Archives Mensuelles: août 2012

Légendes urbaines – X-tine 11

… la ville prend forme…
Le début de la ville ici.
Le début de la légende là.
La chouette musique là.

 Aux dernières nouvelles, l’équipe chargée de sa construction travaille sur un concept onirique ; quelques échanges de mails m’ont permis d’en reconstituer les grandes lignes.
Tout d’abord, X-tine et ses associés ont eu la surprise de voir défiler un grand nombre de prétendants à l’hébergement dans leur bulle ; il a fallu réguler les entrants en imposant une durée de séjour maximale. Comme il n’est pas question de faire de la ségrégation, du favoritisme ou de filtrer, pour l’instant tout un chacun est bienvenu ; il suffit de se montrer poli, de ne pas figurer sur la liste des possesseurs de 4X4, de ne pas lire Marc Levy ; une écoute attentive de Patrick Juvet serait un plus.
Actuellement, on peut rester jusqu’à 4 heures sous la bulle. Et à priori ça vaudrait le coup: Les scientifiques auraient mis au point un dispositif holographique sous forme de casque. Ca s’appelle le Rev’holo.
La personne qui porte ce casque se retrouve immédiatement projetée dans l’univers de ses rêves.
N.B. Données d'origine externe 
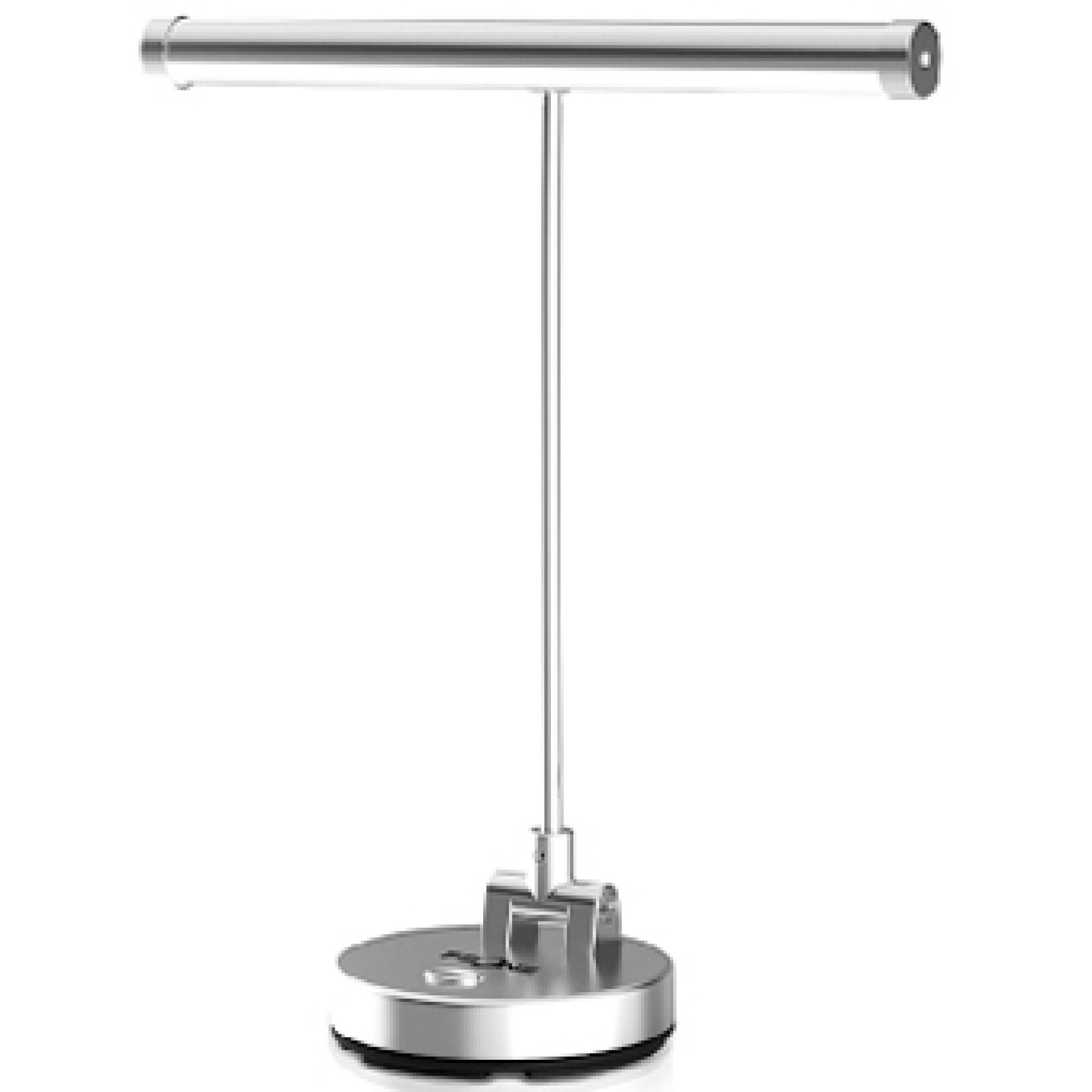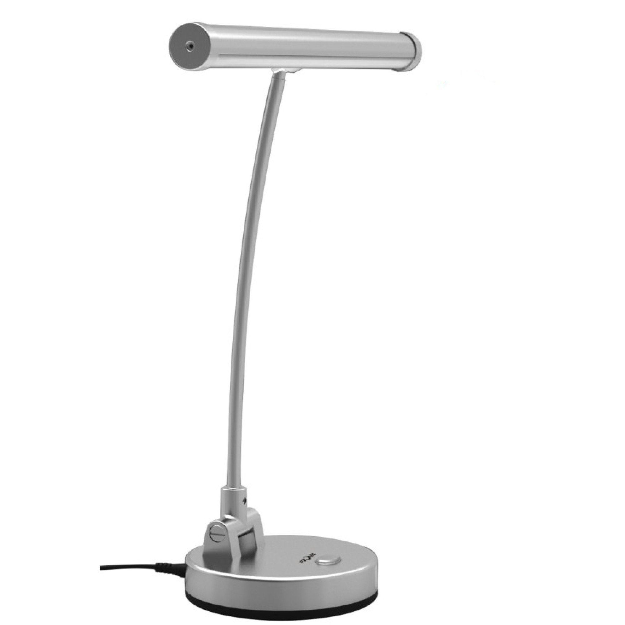 Гибкая лампа цвета хром с подставкой и регулировкой угла наклона. Идеально подходит для освещения пюпитров на фортепиано и роялях. Работает не только через адаптер, но и от 3-х батареек типа АА, что позволяет использовать даже при отсутствии сети. При этом лампа за счет 10 светодиодных ламп очень экономная и работает от батареек до 20-ти часов.

Si, par exemple, vous rêvez de plages paradisiaques comme dans « Madagascar 1 », entouré de tous vos amis, vous vous retrouvez à évoluer dans ce décor :

Si, au contraire, vous vous rêvez en pilote de vaisseau spatial, volant entre les étoiles et les planètes, vous arrivez là :

Le casque est muni d’un détecteur de zones cérébrales actives qui permet d’éviter tous débordements…ceux qui rêvent de milliers d’infirmières lascives aux tenues plus courtes les unes que les autres peuvent passer leur tour…
Donc il existe sous Paris un endroit magique où les rêves peuvent momentanément prendre vie. Il parait que les illusions créées sont d’un réalisme impressionnant. Pour l’instant, le système est en version de test : les interactions entre les « passagers » sont encore mal gérées.
Pour reprendre les exemples ci-dessus, vous pouvez batifoler sur une plage de rêve en bikini blanc façon Ursula Andress

et croiser le chemin d’un capitaine de vaisseau assez … inattendu…
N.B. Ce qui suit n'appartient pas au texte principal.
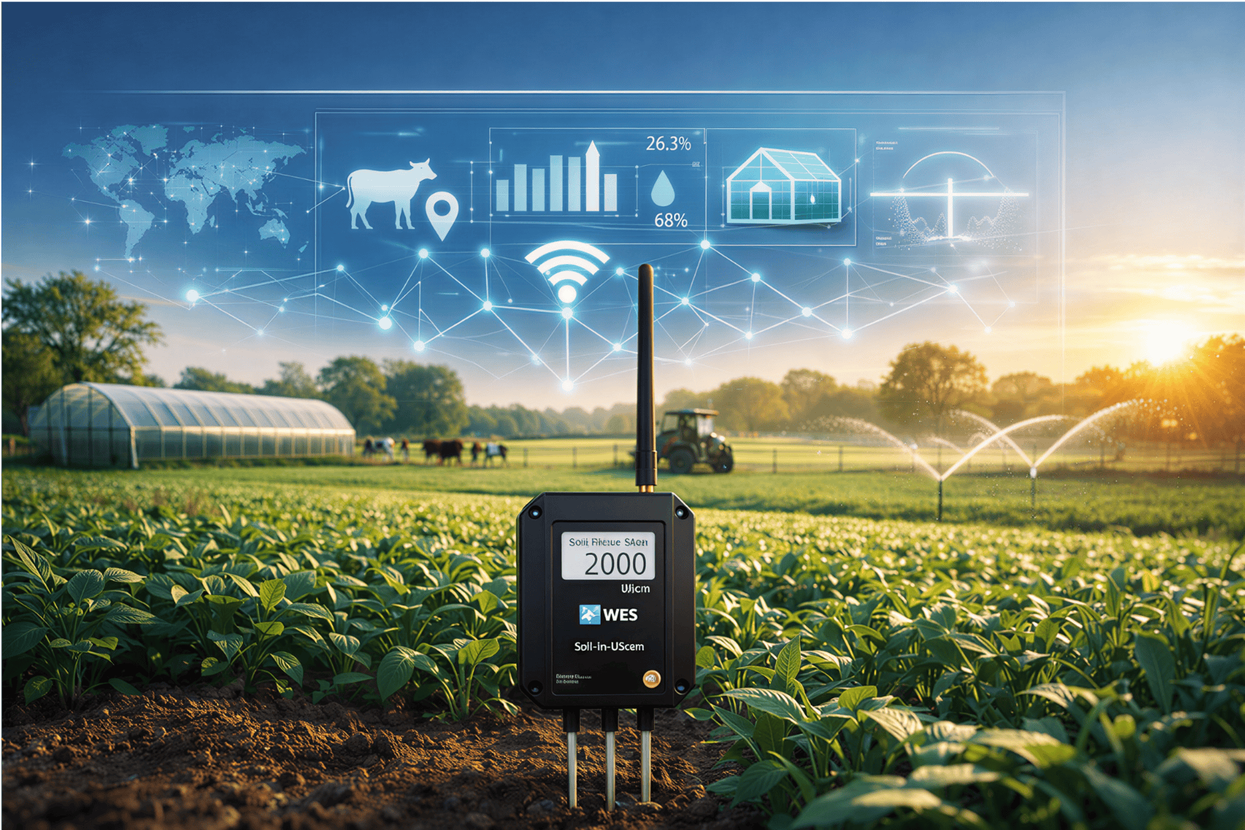 - 核心设备:WE-T214系列三合一土壤传感变送器。

ll est évident que les dialogues peuvent déraper…

UA           – Euh… Aloha charmant inconnu, voulez-vous partager le produit de ma pêche ?
S              – La raison le voudrait, plagienne, mais je suis perdu dans un dilemme Hamletien… dois-je ou ne dois-je pas ? Est-ce risqué ? Souhaites-tu m’empoisonner ? Se cacherait-il un démon barbare derrière cette tenue étrange et peu seyante?
UA           – Mais, admirable homme aux oreilles pointues, pourquoi voudrais-je tefaire du mal ? Tout est si parfait ici, tu ne peux être que bon… et je trouve ma tenue plus que parfaite au vu des circonstances et du cours de la bourse…
S               – Parfait, Bon ? Ha… je vois… mélangeons nos pensées un moment… en effet, ce que laissait entendre ton étrange couleur de cheveux se révèle un bon indice… tu n’es pas capable de malice…
UA           – Viendrez-vous avec moi courir dans les fleurs et chanter des chants allégoriques ?
S                 – Non, je préfère rester et jouer du luth vulcain, ne m’en veux pas, femme, mais je dois momentanément t’empêcher de me distraire…
Et il l’endort d’une pression sur l’épaule.
Seulement là, que fait-on ? Dans les faits, un parisien innocent vient d’endormir pour une durée indéterminée une parisienne innocente… les équipes de X-Tine sont en active recherche d’un algorithme qui permettra d’éviter les interactions malheureuses. D’autant que les poissons et coquillages pêchés dans l’après-midi vont commencer à sentir.
Ca craint.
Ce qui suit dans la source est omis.